*RECORDS TO PROCESS:*
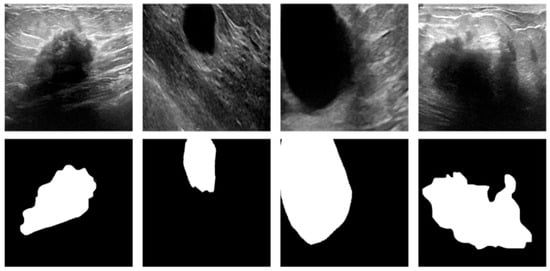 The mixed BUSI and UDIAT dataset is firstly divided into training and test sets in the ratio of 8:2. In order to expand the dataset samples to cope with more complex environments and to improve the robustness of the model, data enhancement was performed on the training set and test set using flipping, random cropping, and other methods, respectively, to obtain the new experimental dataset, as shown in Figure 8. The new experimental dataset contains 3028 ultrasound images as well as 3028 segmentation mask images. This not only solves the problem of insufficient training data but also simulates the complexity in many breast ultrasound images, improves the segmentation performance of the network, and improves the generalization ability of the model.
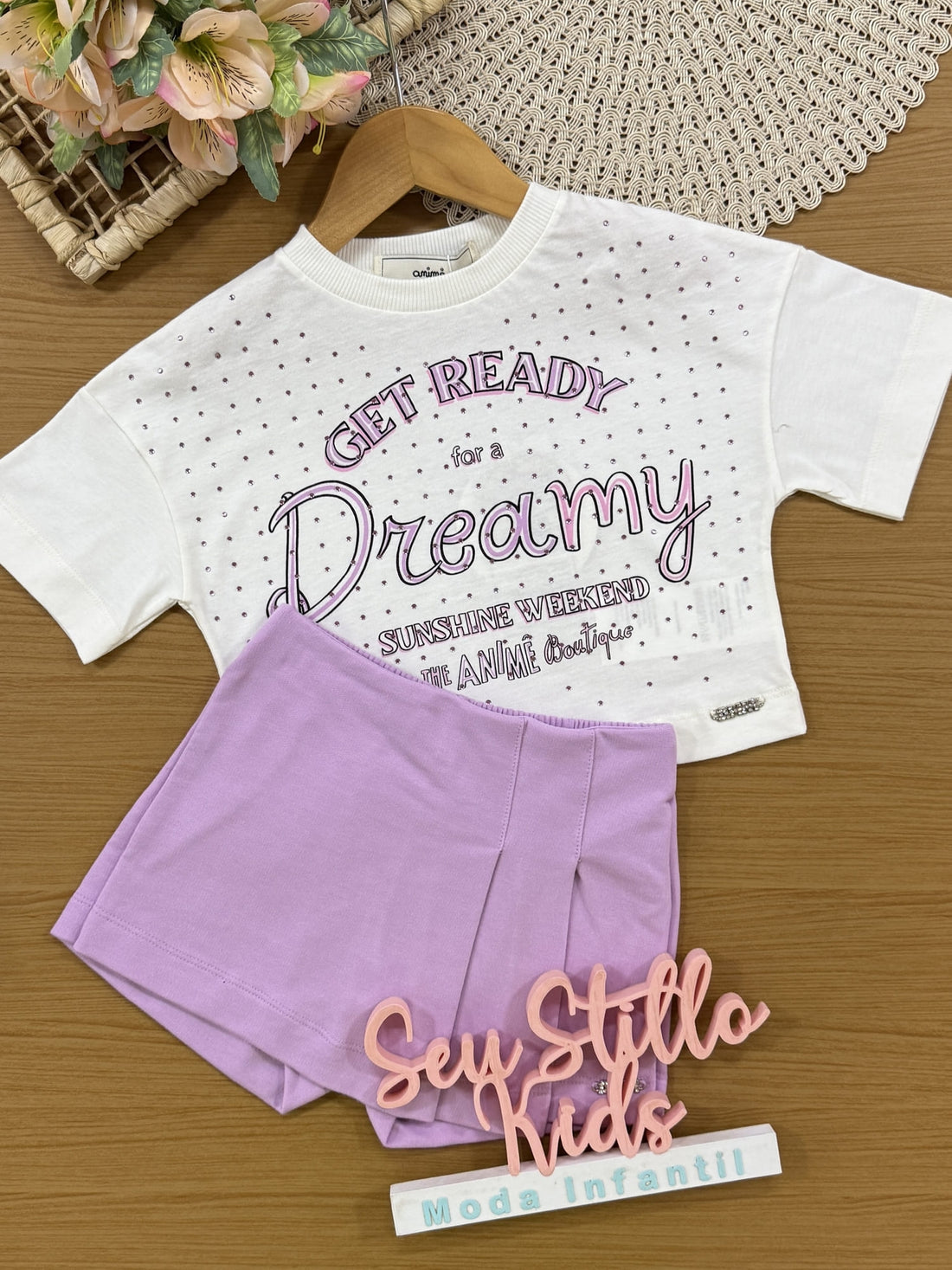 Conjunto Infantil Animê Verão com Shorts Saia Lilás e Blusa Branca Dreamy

* * *

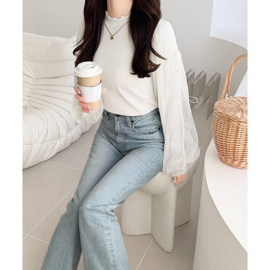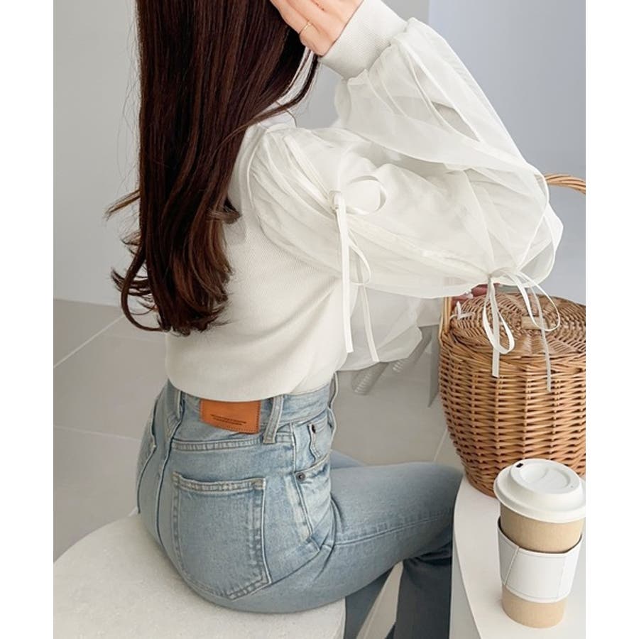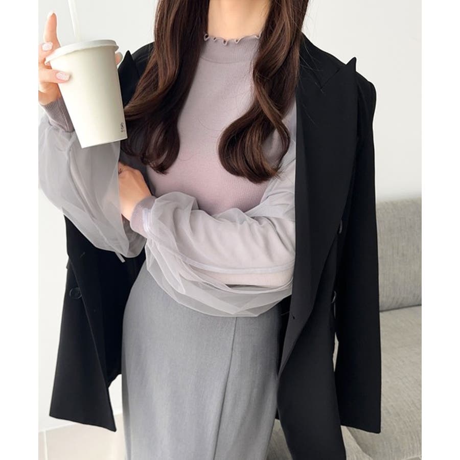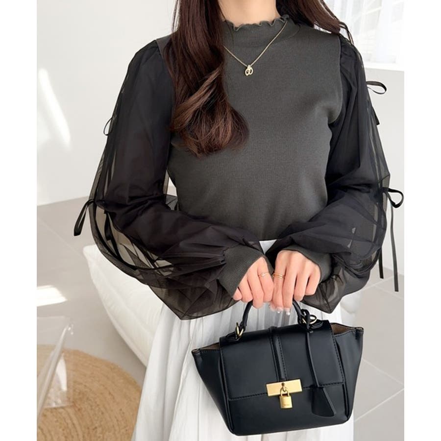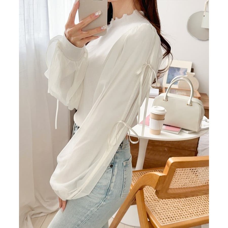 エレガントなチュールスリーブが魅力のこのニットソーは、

*WORK ITEM:* From the line holding "The mixed BUSI" to the line holding "Conjunto Infantil Animê", both included, retype the entries above exactly and drop the pictures.

*TASK ANSWER:*
 The mixed BUSI and UDIAT dataset is firstly divided into training and test sets in the ratio of 8:2. In order to expand the dataset samples to cope with more complex environments and to improve the robustness of the model, data enhancement was performed on the training set and test set using flipping, random cropping, and other methods, respectively, to obtain the new experimental dataset, as shown in Figure 8. The new experimental dataset contains 3028 ultrasound images as well as 3028 segmentation mask images. This not only solves the problem of insufficient training data but also simulates the complexity in many breast ultrasound images, improves the segmentation performance of the network, and improves the generalization ability of the model.
 Conjunto Infantil Animê Verão com Shorts Saia Lilás e Blusa Branca Dreamy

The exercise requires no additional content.